DATA SEGMENT ::
━━━━━━
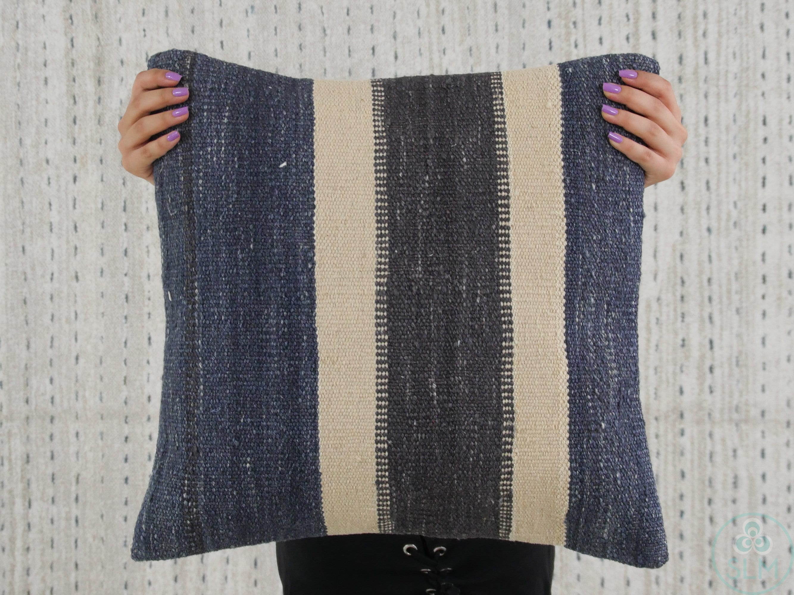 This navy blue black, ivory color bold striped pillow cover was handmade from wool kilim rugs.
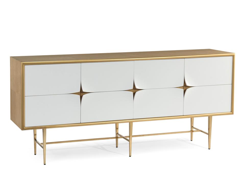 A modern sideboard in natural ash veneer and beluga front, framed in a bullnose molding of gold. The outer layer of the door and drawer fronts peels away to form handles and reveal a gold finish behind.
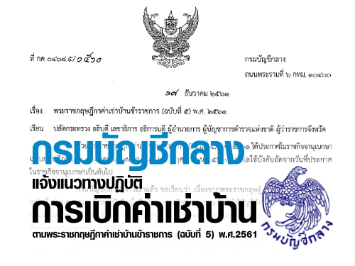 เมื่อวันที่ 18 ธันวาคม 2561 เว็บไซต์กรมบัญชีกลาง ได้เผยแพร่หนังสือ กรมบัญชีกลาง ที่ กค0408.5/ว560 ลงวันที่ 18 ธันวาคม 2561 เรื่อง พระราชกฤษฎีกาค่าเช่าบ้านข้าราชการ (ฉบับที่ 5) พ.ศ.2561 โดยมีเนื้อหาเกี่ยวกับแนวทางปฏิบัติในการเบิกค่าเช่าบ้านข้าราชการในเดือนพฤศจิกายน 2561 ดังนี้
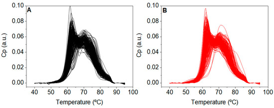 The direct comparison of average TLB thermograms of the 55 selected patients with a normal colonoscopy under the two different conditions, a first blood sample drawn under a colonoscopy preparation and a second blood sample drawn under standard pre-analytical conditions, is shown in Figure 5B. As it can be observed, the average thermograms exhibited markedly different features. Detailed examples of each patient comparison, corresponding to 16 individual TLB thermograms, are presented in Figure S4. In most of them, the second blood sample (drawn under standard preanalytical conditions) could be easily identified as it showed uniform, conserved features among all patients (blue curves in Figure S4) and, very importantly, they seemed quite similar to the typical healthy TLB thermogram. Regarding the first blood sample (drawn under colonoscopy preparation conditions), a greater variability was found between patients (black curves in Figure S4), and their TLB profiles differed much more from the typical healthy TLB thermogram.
━━━━━━
WORK ITEM :: Your copy should match the data exactly, apart from the images, which are dropped.

REPLY ::
 This navy blue black, ivory color bold striped pillow cover was handmade from wool kilim rugs.
 A modern sideboard in natural ash veneer and beluga front, framed in a bullnose molding of gold. The outer layer of the door and drawer fronts peels away to form handles and reveal a gold finish behind.
 เมื่อวันที่ 18 ธันวาคม 2561 เว็บไซต์กรมบัญชีกลาง ได้เผยแพร่หนังสือ กรมบัญชีกลาง ที่ กค0408.5/ว560 ลงวันที่ 18 ธันวาคม 2561 เรื่อง พระราชกฤษฎีกาค่าเช่าบ้านข้าราชการ (ฉบับที่ 5) พ.ศ.2561 โดยมีเนื้อหาเกี่ยวกับแนวทางปฏิบัติในการเบิกค่าเช่าบ้านข้าราชการในเดือนพฤศจิกายน 2561 ดังนี้
 The direct comparison of average TLB thermograms of the 55 selected patients with a normal colonoscopy under the two different conditions, a first blood sample drawn under a colonoscopy preparation and a second blood sample drawn under standard pre-analytical conditions, is shown in Figure 5B. As it can be observed, the average thermograms exhibited markedly different features. Detailed examples of each patient comparison, corresponding to 16 individual TLB thermograms, are presented in Figure S4. In most of them, the second blood sample (drawn under standard preanalytical conditions) could be easily identified as it showed uniform, conserved features among all patients (blue curves in Figure S4) and, very importantly, they seemed quite similar to the typical healthy TLB thermogram. Regarding the first blood sample (drawn under colonoscopy preparation conditions), a greater variability was found between patients (black curves in Figure S4), and their TLB profiles differed much more from the typical healthy TLB thermogram.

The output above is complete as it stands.